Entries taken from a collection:

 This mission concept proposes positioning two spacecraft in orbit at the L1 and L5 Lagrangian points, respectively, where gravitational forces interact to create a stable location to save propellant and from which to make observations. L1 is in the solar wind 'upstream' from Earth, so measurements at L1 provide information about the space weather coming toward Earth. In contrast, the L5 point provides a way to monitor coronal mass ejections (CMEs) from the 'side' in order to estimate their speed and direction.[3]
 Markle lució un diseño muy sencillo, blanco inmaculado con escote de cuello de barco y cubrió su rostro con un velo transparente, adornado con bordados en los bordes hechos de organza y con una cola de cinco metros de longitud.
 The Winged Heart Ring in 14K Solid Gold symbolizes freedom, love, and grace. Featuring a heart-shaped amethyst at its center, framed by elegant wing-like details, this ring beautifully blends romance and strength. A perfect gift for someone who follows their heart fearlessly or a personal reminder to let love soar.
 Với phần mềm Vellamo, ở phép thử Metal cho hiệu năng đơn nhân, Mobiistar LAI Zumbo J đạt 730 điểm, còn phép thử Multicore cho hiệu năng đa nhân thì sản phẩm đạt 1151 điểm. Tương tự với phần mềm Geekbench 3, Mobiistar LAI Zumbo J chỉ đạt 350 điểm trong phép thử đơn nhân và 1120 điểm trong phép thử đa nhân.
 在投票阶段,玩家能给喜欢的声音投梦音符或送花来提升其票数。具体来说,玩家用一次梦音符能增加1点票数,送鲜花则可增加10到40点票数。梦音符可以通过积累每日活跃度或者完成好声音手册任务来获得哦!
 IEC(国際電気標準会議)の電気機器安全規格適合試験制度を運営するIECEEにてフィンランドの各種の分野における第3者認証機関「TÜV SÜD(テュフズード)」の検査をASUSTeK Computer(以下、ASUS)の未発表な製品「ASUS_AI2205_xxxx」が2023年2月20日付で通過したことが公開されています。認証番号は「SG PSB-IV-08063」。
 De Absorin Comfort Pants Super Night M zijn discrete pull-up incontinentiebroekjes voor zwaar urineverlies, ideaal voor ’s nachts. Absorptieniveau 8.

_Aim of the task:_ Beginning at the line that holds "Markle lució un", reproduce the lines exactly up to and including the final line of the entries.

_Task response:_
 Markle lució un diseño muy sencillo, blanco inmaculado con escote de cuello de barco y cubrió su rostro con un velo transparente, adornado con bordados en los bordes hechos de organza y con una cola de cinco metros de longitud.
 The Winged Heart Ring in 14K Solid Gold symbolizes freedom, love, and grace. Featuring a heart-shaped amethyst at its center, framed by elegant wing-like details, this ring beautifully blends romance and strength. A perfect gift for someone who follows their heart fearlessly or a personal reminder to let love soar.
 Với phần mềm Vellamo, ở phép thử Metal cho hiệu năng đơn nhân, Mobiistar LAI Zumbo J đạt 730 điểm, còn phép thử Multicore cho hiệu năng đa nhân thì sản phẩm đạt 1151 điểm. Tương tự với phần mềm Geekbench 3, Mobiistar LAI Zumbo J chỉ đạt 350 điểm trong phép thử đơn nhân và 1120 điểm trong phép thử đa nhân.
 在投票阶段,玩家能给喜欢的声音投梦音符或送花来提升其票数。具体来说,玩家用一次梦音符能增加1点票数,送鲜花则可增加10到40点票数。梦音符可以通过积累每日活跃度或者完成好声音手册任务来获得哦!
 IEC(国際電気標準会議)の電気機器安全規格適合試験制度を運営するIECEEにてフィンランドの各種の分野における第3者認証機関「TÜV SÜD(テュフズード)」の検査をASUSTeK Computer(以下、ASUS)の未発表な製品「ASUS_AI2205_xxxx」が2023年2月20日付で通過したことが公開されています。認証番号は「SG PSB-IV-08063」。
 De Absorin Comfort Pants Super Night M zijn discrete pull-up incontinentiebroekjes voor zwaar urineverlies, ideaal voor ’s nachts. Absorptieniveau 8.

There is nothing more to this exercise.